Heb je dit laatste als ontluisterend ervaren?

“Als je zó dicht bij het snijvlak van leven en dood bent, maakt dat allemaal niet meer uit. Tenminste: voor mijzelf niet. Wat ik wel heel moeilijk vond, waren de nachten op de ic. Die duurden zo ontzettend lang. Ik zag uur na uur voorbijgaan. De zuster kwam een keer naar me toe. ‘Wat kreun je toch hard?’ vroeg ze. ‘Je buurman kan er niet van slapen. Wat is er?’ Ik zei: ‘Ik ben zó naar.’ Ik had zelfs geen energie om te huilen. Praten kon ik amper. Die eerste dagen waren sowieso loodzwaar.”

‘Zo’n mooi geschenk’

“Al jarenlang ervaar ik elke dag als een geschenk”, zegt ze even later. “Ik heb al heel jong een roeping van God ontvangen: anderen bemoedigen, en het evangelie doorgeven. Dat is zo’n mooi geschenk. Daar ben ik zuinig op. Vandaar dat ik graag werk aan mijn geestelijke en lichamelijke conditie. Zodat ik kan delen wat ik heb ontvangen.”

Na haar harttransplantatie (februari 2025) is Wilma Veen bezig met haar revalidatie.
© Jacqueline de Haas

Moet je veel medicijnen slikken om afstoting te voorkomen?

“Ik heb een hele sorteerbak aan medicijnen, onder andere prednison. Volgens de artsen moet ik die altijd blijven slikken.”

We hebben een God van wonderen

Klinkt daarin een ‘maar’ door?

“Ja. We hebben een God van wonderen. Misschien gebeurt er wat dit betreft nog eentje. Na zo veel hartstilstanden is mijn leven sowieso al een groter wonder dan ooit.”

Goede Vader

“Het leven is niet maakbaar, daar ben ik zelf hét voorbeeld van”, benadrukt ze. “Dat leerde ik trouwens al heel vroeg: mijn oudere zus is gehandicapt... Alleen al het feit dat ik hier zit en met jou kan praten, is puur genade.”

Wilma’s stem krijgt iets breekbaars. “Ja, ik had hieraan kunnen overlijden. En dan nóg was God zo’n ontzettend goede Vader voor mij geweest – van begin tot eind.” .

Goed, beter, best volgens Wilma

Wanneer is een dag voor jou goed?
“Als ik wakker word met dankbaarheid in mijn hart. Voor de mensen rondom mij, voor de natuur en bovenal voor een nieuwe dag van God. Al jaren begin ik elke ochtend met danken.”

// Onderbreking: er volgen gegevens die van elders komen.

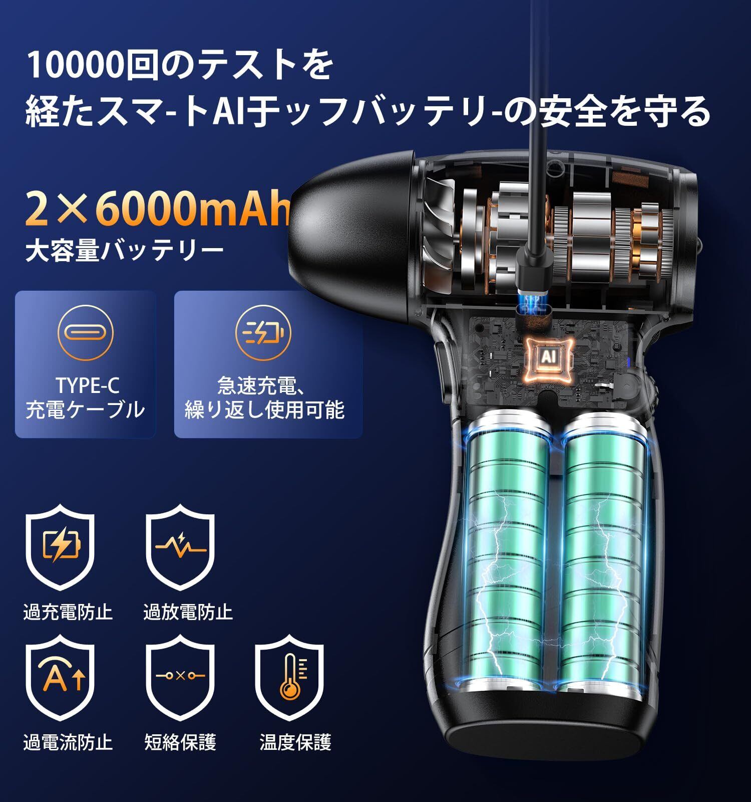 【大容量バッテリー&Type-C急速充電で長時間駆動】AI保護機能搭載の大容量12000mAhバッテリーを内蔵し、1回の充電で最大200分の使用が可能。環境に優しく、使い捨てのエアダスター缶からの卒業ができます。Type-C急速充電に対応しており、車載充電器や家庭のUSBポートでも簡単に充電可能。外出先でも小型軽量設計のため持ち運びやすく、家・オフィス・車内どこでも快適にご使用いただけます。【注意】充電中の使用は危険なため、必ず充電完了後にご使用ください。

Waar wil je beter in worden?
“In liefhebben. Liefde is de grootste kracht die er is. Ze maakt je nederig, mild en bereid tot dienen. Ik verlang ernaar om Gods Geest meer ruimte te geven in mijn leven. Dat zijn liefde door mij heen mag stromen, om anderen te troosten en bemoedigen.”

Wat is het beste advies dat je ooit kreeg?
“Van mijn moeder: wees dankbaar. Dat tilt je boven zorgen, angst en ongeloof uit. Als je dankt, ga je je meer richten op God. Daarmee wordt Hij groter, terwijl je problemen kleiner worden – je leert ze zien vanuit zijn perspectief.”